Assignment: Copy out again, unchanged, the listing below from the line that has "花粉症対策に関して正しく理解" through the line that has "1992年7月28日,江门市".

━━━ Supplied information

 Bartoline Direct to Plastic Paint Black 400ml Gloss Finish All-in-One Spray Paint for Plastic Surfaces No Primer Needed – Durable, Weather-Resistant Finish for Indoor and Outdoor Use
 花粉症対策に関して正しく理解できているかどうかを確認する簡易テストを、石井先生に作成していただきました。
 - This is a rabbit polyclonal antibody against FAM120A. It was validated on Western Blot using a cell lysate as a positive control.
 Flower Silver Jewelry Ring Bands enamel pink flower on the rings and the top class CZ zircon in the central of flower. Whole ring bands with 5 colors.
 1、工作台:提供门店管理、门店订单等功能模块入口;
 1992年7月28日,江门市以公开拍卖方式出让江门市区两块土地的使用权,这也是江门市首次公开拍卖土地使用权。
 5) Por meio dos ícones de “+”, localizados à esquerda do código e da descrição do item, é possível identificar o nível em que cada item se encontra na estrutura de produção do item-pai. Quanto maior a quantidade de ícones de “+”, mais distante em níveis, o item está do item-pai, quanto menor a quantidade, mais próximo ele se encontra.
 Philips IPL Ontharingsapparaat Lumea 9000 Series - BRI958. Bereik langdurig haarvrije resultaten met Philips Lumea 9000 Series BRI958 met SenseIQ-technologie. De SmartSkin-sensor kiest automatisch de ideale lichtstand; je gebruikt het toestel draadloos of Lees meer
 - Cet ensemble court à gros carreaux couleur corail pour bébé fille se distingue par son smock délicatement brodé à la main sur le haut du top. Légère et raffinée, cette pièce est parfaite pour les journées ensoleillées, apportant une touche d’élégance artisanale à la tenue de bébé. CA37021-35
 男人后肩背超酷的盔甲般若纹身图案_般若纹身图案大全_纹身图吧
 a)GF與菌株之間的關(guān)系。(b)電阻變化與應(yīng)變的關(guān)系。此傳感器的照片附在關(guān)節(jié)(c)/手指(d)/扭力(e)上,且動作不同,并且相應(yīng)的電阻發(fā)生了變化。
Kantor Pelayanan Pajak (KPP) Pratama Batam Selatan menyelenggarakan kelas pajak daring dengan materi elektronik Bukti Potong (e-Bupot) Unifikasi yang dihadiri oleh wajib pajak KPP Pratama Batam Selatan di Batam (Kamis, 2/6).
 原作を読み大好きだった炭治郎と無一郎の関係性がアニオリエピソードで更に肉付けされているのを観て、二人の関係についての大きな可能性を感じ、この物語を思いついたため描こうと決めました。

━━━━━━

Answer to this exercise:
 花粉症対策に関して正しく理解できているかどうかを確認する簡易テストを、石井先生に作成していただきました。
 - This is a rabbit polyclonal antibody against FAM120A. It was validated on Western Blot using a cell lysate as a positive control.
 Flower Silver Jewelry Ring Bands enamel pink flower on the rings and the top class CZ zircon in the central of flower. Whole ring bands with 5 colors.
 1、工作台:提供门店管理、门店订单等功能模块入口;
 1992年7月28日,江门市以公开拍卖方式出让江门市区两块土地的使用权,这也是江门市首次公开拍卖土地使用权。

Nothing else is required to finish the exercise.